If NIH is coming down strong against XMRV causing disease as in the above article, my guess is that the data coming out from the collaboration between NIH, CDC, WPI and Lipkin is not showing a connection.
Will NIH fund any more studies? That is the question.
getting a little tired of this xmrv hype, i wonder now whether they will start looking for 45% of the hiv virus envelope gene that was reported over 10 years ago...in 2013 they will attempt to label the illness as all in ones head with the w.h.o. and that will never happen...i think they have dragged their feet on cfs and the final truth must be told and someone should accept the full responsibility of total neglect...how many more have to die and how many more lives have to be completely trashed by this chronic illness...to think that all of us have paid tax all our lives and have to be treated like this is a total disgrace and inhumane...sure they will go back and forth on xmrv like a game of tennis not being able to make up their minds and in the mean time patients will continue to be denied proper health care access,clinical trials and there much deserved disibility premiums and to add more to insult they will fund the clowns $millions to downplay the illness saying it is in one's head and also neglecting serious honest physiological researchers their grants when they are submitted...sincerely aidan walsh southampton, u.k.
Why is the CDC et al trying so hard to disprove the WPI's findings?

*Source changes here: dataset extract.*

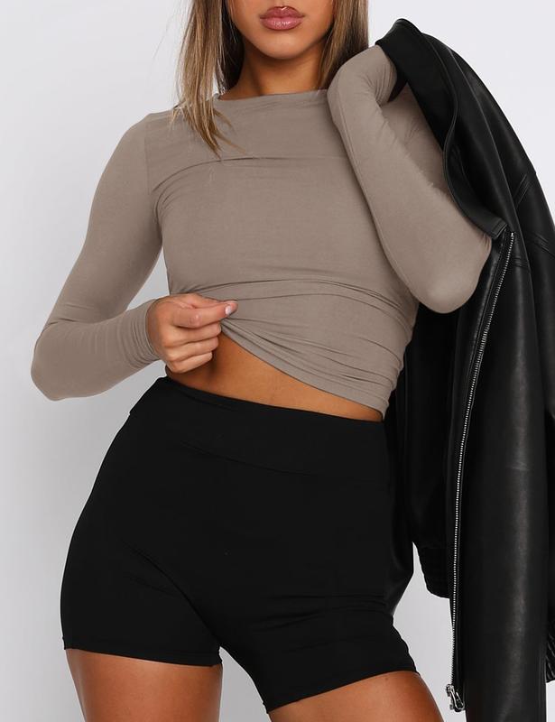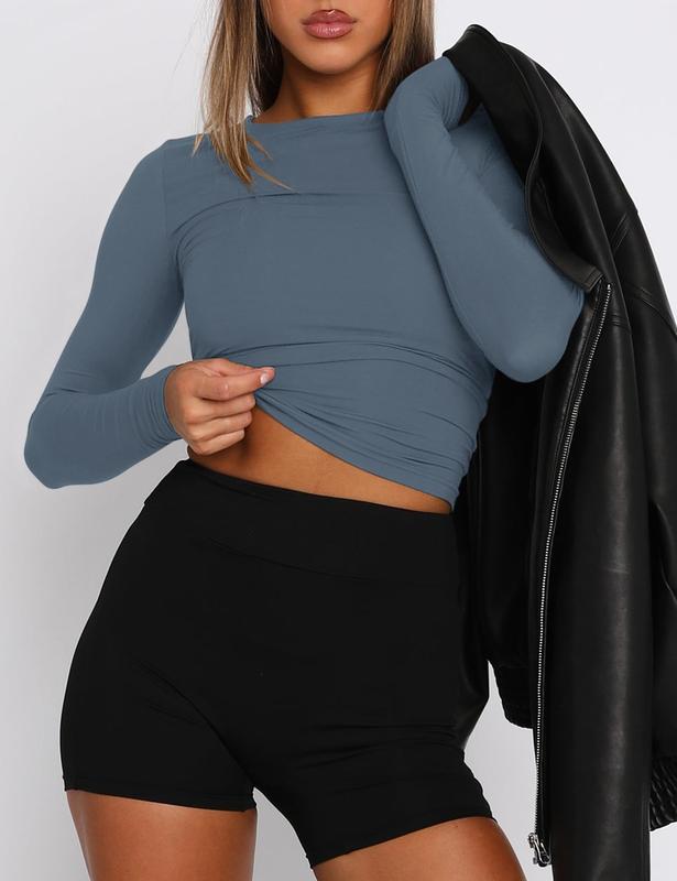 Elevate your wardrobe with this fitted long sleeve crop top! It features a buttery soft, lightweight, and stretchy material (92% Cotton, 8% Spandex). The boat neckline and slim fit ensure a flattering look. Perfect for daily wear, this top is an essential addition to your wardrobe.

If XMRV is due to contamination, then why is is that 67% of ME/CFS patients tested positive, but only 3.7% of healthy controls?
From the Invest In ME conference held in London on May 20, 2011:
The final presentation was by Wilfried Bieger (Munich, Germany). He mentioned their earlier studies to detect XMRV, which had been negative. His team had then collaborated with Judy Mikovits and set up a highly sensitive, specific and uncontaminated protocol for virus detection, sequencing of viral DNA and antibody testing with western blot. Viral DNA and RNA were not detected in fresh blood, but after cultivation of PBMCs for 6 weeks under stimulation and using partly co-culture with virus permissive LnCap cells, culture cells turned positive in some patients. Presence of XMRV was confirmed by sequencing XMRV specific DNA. There have been approximately 40% positives so far.
THIS is what results from properly REPLICATING the study done by WPI, et al: you find XMRV in ME/CFS patients!